Re: [DISCUSS] Allow sharing (RocksDB) memory between slots

2022-11-09 Thread Yun Tang
Hi Roman,

Thanks for the proposal.

I am just curious whether this could really bring benefits to our users with 
such complex configuration logic. Could you share some real experimental 
results?

BTW, as talked before, I am not sure whether different lifecycles of RocksDB 
state-backends would affect the memory usage of block cache & write buffer 
manager in RocksDB. Currently, all instances would start and destroy nearly 
simultaneously, this would change after we introduce this feature with jobs 
running at different scheduler times.

Best,
Yun Tang

From: John Roesler 
Sent: Thursday, November 10, 2022 10:15
To: dev@flink.apache.org 
Subject: Re: [DISCUSS] Allow sharing (RocksDB) memory between slots

Hi Roman,

Thanks for the proposal! This will make scheduling a lot more flexible for our 
use case.

Just a quick follow-up question about the number of new configs we’re adding 
here. It seems like the proposed configs provide a lot of flexibility, but at 
the expense of added complexity.

It seems like operators would either choose isolation for the cluster’s jobs or 
they would want to share the memory between jobs. I’m not sure I see the 
motivation to reserve only part of the memory for sharing and allowing jobs to 
choose whether they will share or be isolated.

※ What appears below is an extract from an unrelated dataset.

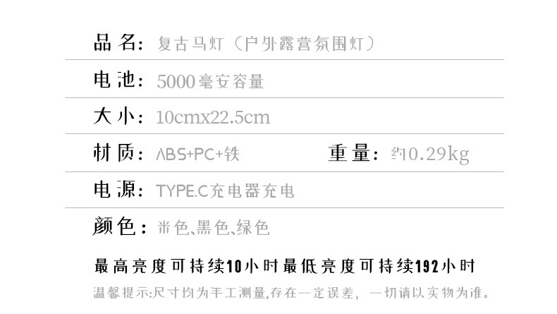 新款戶外照明露營燈超長續航充電營地氛圍復古野營帳篷馬燈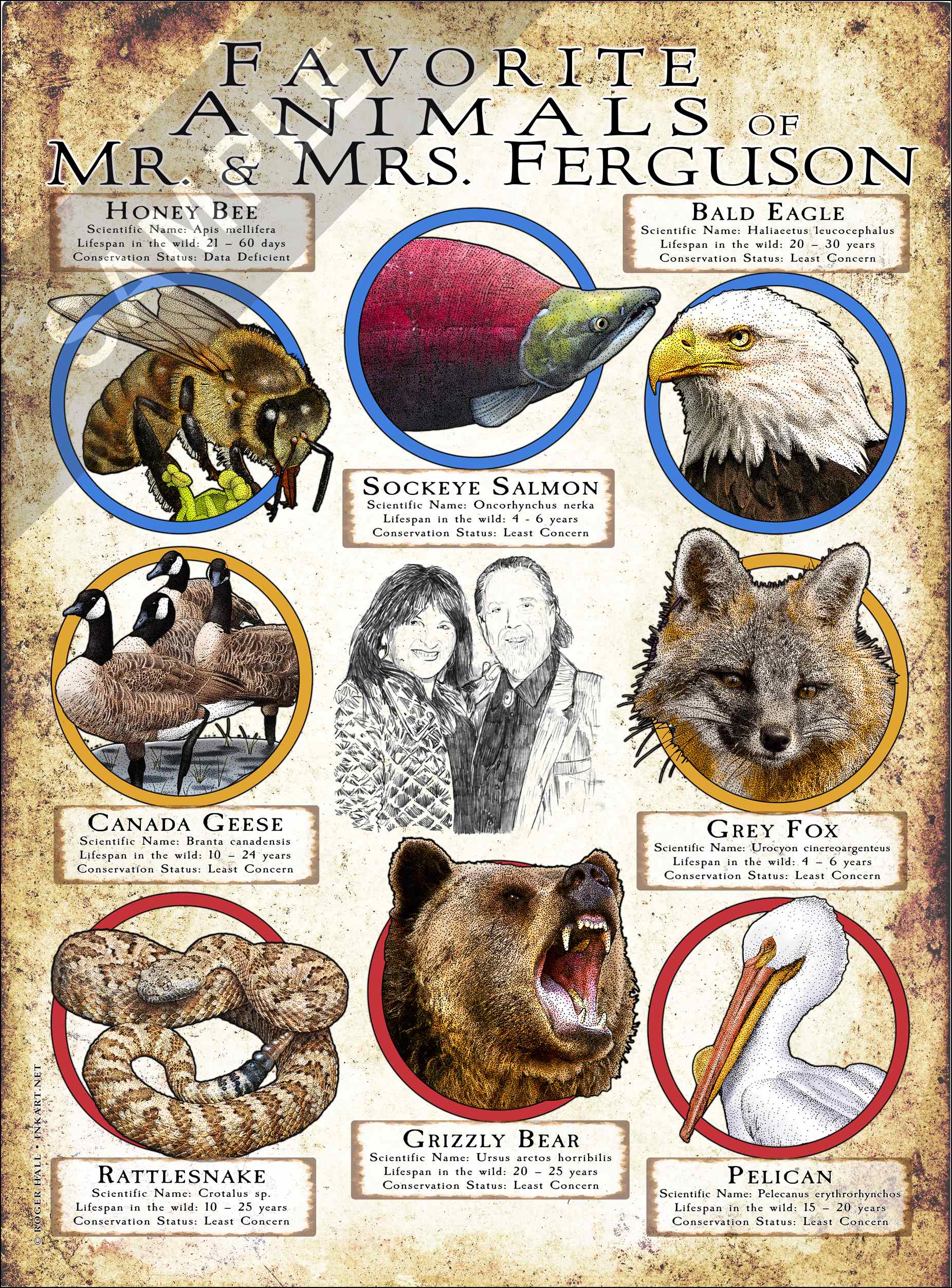 Roger made two incredible pieces for each of my son’s. These prints included their favorite waterfowl & freshwater fish. The renderings of the animals are so high quality & we really like the descriptive text with each animal. The quality of the prints are incredible, and he incorporated use of their favorite colours for the boarders around each animal. I have many pieces of art from Roger Hall hanging in my home. The time and research he puts in to his drawings make them not only interesting but educational as well .

I’m new to Flink, though, and no operational experience. Is there a use case 
you have in mind for this kind of split configuration?

Thanks,
John

On Wed, Nov 9, 2022, at 08:17, Roman Khachatryan wrote:
> Hi Yanfei,
>
> Thanks, good questions
>
>> 1. Is shared-memory only for the state backend? If both
>> "taskmanager.memory.managed.shared-fraction: >0" and
>> "state.backend.rocksdb.memory.managed: false" are set at the same time,
>> will the shared-memory be wasted?
> Yes, shared memory is only for the state backend currently;
> If no job uses it then it will be wasted.
> Session cluster can not validate this configuration
> because the job configuration is not known in advance.
>
>> 2. It's said that "Jobs 4 and 5 will use the same 750Mb of unmanaged
> memory
>> and will compete with each other" in the example, how is the memory size
> of
>> unmanaged part calculated?
> It's calculated the same way as managed memory size currently,
> i.e. taskmanager.memory.managed.size *
> taskmanager.memory.managed.shared-fraction
> Separate parameters for unmanaged memory would be more clear.
> However, I doubt that this configuration would ever be used (I listed it
> just for completeness).
> So I'm not sure whether adding them would be justified.
> WDYT?
>
>> 3. For fine-grained-resource-management, the control
>> of cpuCores, taskHeapMemory can still work, right?
> Yes, for other resources fine-grained-resource-management should work.
>
>> And I am a little
>> worried that too many memory-about configuration options are complicated
>> for users to understand.
> I'm also worried about having too many options, but I don't see any better
> alternative.
> The existing users definitely shouldn't be affected,
> so there must be at least feature toggle ("shared-fraction").
> "share-scope" could potentially be replaced by some inference logic,
> but having it explicit seems less error-prone.
>
> Regards,
> Roman
>
>
> On Wed, Nov 9, 2022 at 3:50 AM Yanfei Lei  wrote:
>
>> Hi Roman,
>> Thanks for the proposal, this allows State Backend to make better use of
>> memory.
>>
>> After reading the ticket, I'm curious about some points:
>>
>> 1. Is shared-memory only for the state backend? If both
>> "taskmanager.memory.managed.shared-fraction: >0" and
>> "state.backend.rocksdb.memory.managed: false" are set at the same time,
>> will the shared-memory be wasted?
>> 2. It's said that "Jobs 4 and 5 will use the same 750Mb of unmanaged memory
>> and will compete with each other" in the example, how is the memory size of
>> unmanaged part calculated?
>> 3. For fine-grained-resource-management, the control
>> of cpuCores, taskHeapMemory can still work, right?  And I am a little
>> worried that too many memory-about configuration options are complicated
>> for users to understand.
>>
>> Regards,
>> Yanfei
>>
>> Roman Khachatryan  于2022年11月8日周二 23:22写道:
>>
>> > Hi everyone,
>> >
>> > I'd like to discuss sharing RocksDB memory across slots as proposed in
>> > FLINK-29928 [1].
>> >
>> > Since 1.10 / FLINK-7289 [2], it is possible to:
>> > - share these objects among RocksDB instances of the same slot
>> > - bound the total memory usage by all RocksDB instances o

Re: [DISCUSS] Allow sharing (RocksDB) memory between slots

2022-11-09 Thread John Roesler
Hi Roman,

Thanks for the proposal! This will make scheduling a lot more flexible for our 
use case.

Just a quick follow-up question about the number of new configs we’re adding 
here. It seems like the proposed configs provide a lot of flexibility, but at 
the expense of added complexity.

It seems like operators would either choose isolation for the cluster’s jobs or 
they would want to share the memory between jobs. I’m not sure I see the 
motivation to reserve only part of the memory for sharing and allowing jobs to 
choose whether they will share or be isolated.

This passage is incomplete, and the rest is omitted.